Paul Strand

Paul beach ( born October 16, 1890 in New York City; † March 31, 1976 in Orgeval ) was one of the most influential American photographers of the 20th century.

Life and work

Beach came as the son of Czech immigrants in New York and grew up there. At the local Ethical Culture School him the basics of photographic working were taught as a prerequisite for the professional photography by his teacher Lewis Hine. Know through him learned beach Alfred Stieglitz and the Photo- Secessionists and began to intensively with its contemporary art deal. In 1909 he completed his education at the ECS and was a member of the New York Camera Club. Until 1911 he worked in his parents' hardware store and then worked as a commercial photographer until 1918. He experimented with soft-focus lenses, rubber printing and enlarged negatives. With his photographic work from this period he showed the negative aspects of modern industrial civilization, life in New York with his human misery and his alienation.

1916 Alfred Stieglitz devoted his last two issues of the magazine Camera Work, accompanied by an exhibition at the Gallery 291 of Stieglitz's. At the same time, Paul explained to beach in the art with the role of photography. In a text in Seven Arts, he stressed the need for media-oriented use of photography, whose objectivity is not as contradictory to art.

From 1918 to 1919 the beach was Radiographer in the Army Medical Corps. After his discharge from the army he photographed landscapes and rock formations, trying to make money in the advertising industry. With the painter and photographer Charles Sheeler beach made ​​the 1920 experimental film Manhatta, an avant-garde film in the genre of the City movie.

With art films and with free photography beach could not deny his livelihood, he began with the purchase of own movie camera in 1922 his freelance work as a cameraman in news and sports area. The photograph appeared in the background, on the weekends and the holidays. This phase of his life - stepping out of the hectic -urban life of New York in his spare time - was reflected in his later work, in the landscape and nature shots. It was a life-long struggle of the city dweller with nature.

Until the late 1920s, Paul created mainly beach close-ups of subjects in nature. " The idea has image [here] clearly. Precedence over the image quality of photography " A first turning point in the confrontation with the landscape photography he created while working on the Gaspé Peninsula in Canada.
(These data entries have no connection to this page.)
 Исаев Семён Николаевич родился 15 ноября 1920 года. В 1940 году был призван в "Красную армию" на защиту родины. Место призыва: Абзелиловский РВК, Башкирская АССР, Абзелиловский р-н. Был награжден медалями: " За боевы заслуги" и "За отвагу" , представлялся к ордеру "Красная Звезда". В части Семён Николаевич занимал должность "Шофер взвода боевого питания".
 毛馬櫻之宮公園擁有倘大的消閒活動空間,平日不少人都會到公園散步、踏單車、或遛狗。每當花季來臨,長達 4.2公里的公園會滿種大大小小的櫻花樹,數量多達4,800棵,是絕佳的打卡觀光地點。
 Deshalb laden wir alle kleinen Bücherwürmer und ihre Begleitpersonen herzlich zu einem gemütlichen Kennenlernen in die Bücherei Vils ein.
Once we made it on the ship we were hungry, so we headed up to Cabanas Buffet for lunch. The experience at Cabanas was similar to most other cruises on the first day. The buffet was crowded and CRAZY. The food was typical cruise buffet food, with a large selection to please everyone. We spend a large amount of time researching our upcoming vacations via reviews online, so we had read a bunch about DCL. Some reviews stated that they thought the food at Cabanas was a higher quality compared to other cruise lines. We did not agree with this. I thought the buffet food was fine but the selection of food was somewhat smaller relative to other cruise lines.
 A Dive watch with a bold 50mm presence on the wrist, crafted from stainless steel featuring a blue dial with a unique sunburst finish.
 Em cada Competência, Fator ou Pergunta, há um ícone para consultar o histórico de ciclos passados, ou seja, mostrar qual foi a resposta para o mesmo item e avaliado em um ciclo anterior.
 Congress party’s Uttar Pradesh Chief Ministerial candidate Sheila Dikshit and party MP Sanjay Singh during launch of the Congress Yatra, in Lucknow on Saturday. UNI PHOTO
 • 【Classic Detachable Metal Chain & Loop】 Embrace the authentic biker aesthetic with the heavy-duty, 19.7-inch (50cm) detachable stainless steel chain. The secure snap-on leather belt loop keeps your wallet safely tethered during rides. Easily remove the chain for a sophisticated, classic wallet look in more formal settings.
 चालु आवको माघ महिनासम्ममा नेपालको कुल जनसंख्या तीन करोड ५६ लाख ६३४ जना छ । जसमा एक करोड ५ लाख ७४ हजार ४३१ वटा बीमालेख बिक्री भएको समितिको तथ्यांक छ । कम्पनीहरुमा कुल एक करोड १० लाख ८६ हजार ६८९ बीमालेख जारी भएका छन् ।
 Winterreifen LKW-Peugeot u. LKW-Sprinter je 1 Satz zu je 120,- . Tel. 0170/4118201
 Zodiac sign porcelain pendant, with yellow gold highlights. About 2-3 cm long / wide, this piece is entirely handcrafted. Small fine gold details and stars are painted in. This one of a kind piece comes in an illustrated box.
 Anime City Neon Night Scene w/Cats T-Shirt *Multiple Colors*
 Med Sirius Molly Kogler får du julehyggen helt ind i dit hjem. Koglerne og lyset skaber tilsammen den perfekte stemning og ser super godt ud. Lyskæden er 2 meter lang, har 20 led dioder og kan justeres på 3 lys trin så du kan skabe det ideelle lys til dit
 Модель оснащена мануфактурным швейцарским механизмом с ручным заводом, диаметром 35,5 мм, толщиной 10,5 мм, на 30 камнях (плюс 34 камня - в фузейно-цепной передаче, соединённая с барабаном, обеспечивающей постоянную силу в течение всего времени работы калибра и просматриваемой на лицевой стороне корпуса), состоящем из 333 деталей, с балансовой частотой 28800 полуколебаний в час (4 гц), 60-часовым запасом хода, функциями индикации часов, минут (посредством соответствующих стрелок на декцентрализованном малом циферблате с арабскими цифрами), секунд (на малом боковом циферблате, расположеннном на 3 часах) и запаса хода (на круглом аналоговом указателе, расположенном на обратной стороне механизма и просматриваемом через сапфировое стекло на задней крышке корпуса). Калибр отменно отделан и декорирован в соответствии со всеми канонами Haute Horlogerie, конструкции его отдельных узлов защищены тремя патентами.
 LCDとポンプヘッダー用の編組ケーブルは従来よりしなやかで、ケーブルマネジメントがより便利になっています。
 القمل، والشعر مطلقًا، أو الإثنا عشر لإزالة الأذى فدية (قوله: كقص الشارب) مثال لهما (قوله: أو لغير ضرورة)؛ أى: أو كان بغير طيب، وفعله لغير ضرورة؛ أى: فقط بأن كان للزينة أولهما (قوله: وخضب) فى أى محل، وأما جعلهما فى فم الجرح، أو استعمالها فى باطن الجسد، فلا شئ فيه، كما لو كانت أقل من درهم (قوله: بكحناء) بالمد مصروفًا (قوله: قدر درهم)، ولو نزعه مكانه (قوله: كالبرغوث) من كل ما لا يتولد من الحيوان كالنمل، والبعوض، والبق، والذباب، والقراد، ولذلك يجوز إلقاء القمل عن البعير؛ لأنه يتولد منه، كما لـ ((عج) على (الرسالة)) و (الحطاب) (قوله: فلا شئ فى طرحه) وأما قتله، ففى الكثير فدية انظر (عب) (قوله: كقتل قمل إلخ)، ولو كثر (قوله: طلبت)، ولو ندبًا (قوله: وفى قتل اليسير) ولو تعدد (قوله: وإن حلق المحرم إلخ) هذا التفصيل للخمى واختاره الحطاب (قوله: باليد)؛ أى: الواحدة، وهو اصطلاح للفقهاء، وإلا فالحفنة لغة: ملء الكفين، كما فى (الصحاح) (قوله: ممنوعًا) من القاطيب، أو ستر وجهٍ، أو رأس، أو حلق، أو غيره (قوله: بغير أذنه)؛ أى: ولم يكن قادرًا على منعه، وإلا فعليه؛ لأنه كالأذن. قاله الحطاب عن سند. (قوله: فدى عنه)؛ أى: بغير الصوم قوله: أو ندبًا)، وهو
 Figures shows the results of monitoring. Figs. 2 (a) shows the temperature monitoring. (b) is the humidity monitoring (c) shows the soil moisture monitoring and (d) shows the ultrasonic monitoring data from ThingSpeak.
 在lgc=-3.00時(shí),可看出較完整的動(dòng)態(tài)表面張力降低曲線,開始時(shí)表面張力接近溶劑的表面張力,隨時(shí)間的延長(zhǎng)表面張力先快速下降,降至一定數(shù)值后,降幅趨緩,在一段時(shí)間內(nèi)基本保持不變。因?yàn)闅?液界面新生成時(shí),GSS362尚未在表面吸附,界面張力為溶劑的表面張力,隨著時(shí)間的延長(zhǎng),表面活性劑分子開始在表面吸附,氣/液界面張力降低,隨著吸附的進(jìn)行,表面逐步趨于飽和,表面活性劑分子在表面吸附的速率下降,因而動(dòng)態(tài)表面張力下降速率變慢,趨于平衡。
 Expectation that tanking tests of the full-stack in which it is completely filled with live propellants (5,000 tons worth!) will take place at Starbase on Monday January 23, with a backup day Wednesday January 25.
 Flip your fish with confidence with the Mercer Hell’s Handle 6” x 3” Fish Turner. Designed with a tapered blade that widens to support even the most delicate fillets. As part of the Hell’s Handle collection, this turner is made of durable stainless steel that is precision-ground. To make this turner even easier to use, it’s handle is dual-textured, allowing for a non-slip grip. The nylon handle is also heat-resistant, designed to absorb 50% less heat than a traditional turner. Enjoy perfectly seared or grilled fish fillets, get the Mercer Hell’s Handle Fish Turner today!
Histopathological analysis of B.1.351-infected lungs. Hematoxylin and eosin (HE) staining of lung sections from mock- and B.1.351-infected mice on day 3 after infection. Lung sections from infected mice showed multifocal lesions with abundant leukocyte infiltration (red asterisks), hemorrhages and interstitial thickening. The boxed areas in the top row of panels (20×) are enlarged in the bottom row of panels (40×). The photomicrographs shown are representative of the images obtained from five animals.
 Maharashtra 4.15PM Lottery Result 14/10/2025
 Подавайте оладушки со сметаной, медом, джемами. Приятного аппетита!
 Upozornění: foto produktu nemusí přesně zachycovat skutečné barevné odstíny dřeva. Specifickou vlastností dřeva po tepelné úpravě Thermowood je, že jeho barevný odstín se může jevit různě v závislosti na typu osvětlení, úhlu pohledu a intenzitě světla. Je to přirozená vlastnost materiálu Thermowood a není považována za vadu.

Here he came to a way of working that understands the photographic process not only pictorially, but also thematically.

Between 1925 and 1930 undertook beach several trips to unfamiliar areas of the USA and Canada. During this time he discovered the rural life of America and the fascination of the representation. From 1932 to 1934 he lived in Mexico. Here he expanded his expression of culture and people, he was appointed Head of Photography and cinematography of the Visual Arts Department at the Ministry of Education. In 1936, he married Virginia Stevens. 1937 to 1944 he was President of Frontier Films, a nonprofit facility for the production of educational films. As a cameraman and director, he produced many documentaries. After almost ten years of film activity beach returned in 1944 back to photography. In the following years he undertook many photo tours and exhibitions. His project Time in New England was to be the attempt to discover the traces of surviving traditions in the manifestations of a region, its landscape and people. The result is a book that describes America as a traditional country with its different historical traces.

1951 could be Paul beach in France down because he offered no American living and working in more prospects, which began Communist persecution during the McCarthy era. In Europe, he was hoping for a place where he could concentrate on a manageable habitat. In the same year he married Hazel Kingsbury. In 1955 he bought a house in Orgeval, near Paris, where he lived until his death. The next twenty years were marked by travel, exhibitions and publications. Paul died in 1976 sechsundachtzigjährig beach at his home in Orgeval.

Reception

" Strands meticulous focus on the particular materiality and form shape his motives and their consequent isolation from the contemporary historical process is a prerequisite for a Konstruierung of the timeless. Each photo is in this sense a formal conscious, autonomous imaginary single statement [ ... ] Not ' Life -Photography ', not acceleration, but the slowdown in the recording process was for him the starting point for a photographic image that formulated as subjective fragment of only one element meant in the designed structure representation of its culture portraits. "

His works are not only documentary but uncompromising in their search for truth. Stieglitz wrote in 1916:

" Beach has added something new to the old. His shots are brutal, direct, free from any nonsense, free from artifice and not influenced by any ism. "

Awards

Exhibitions (selection)

Bibliography (selection)

  • Time in New England, New York, Oxford University Press, 1950
  • Le France de profile, from Lausanne, La Guilde du Livre, 1952
  • Living Egypt, Dresden, VEB Verlag of Art, 1969
  • Ghana, An African Portrait, New York, Millerton, 1976
  • The world outside my door 1950-1976. Exhibition catalog Essen, Munich, Zurich 1994, ISBN 0-89381-596-9.
  • Paul beach. Könemann, Cologne 2001, ISBN 3-89508-604-5.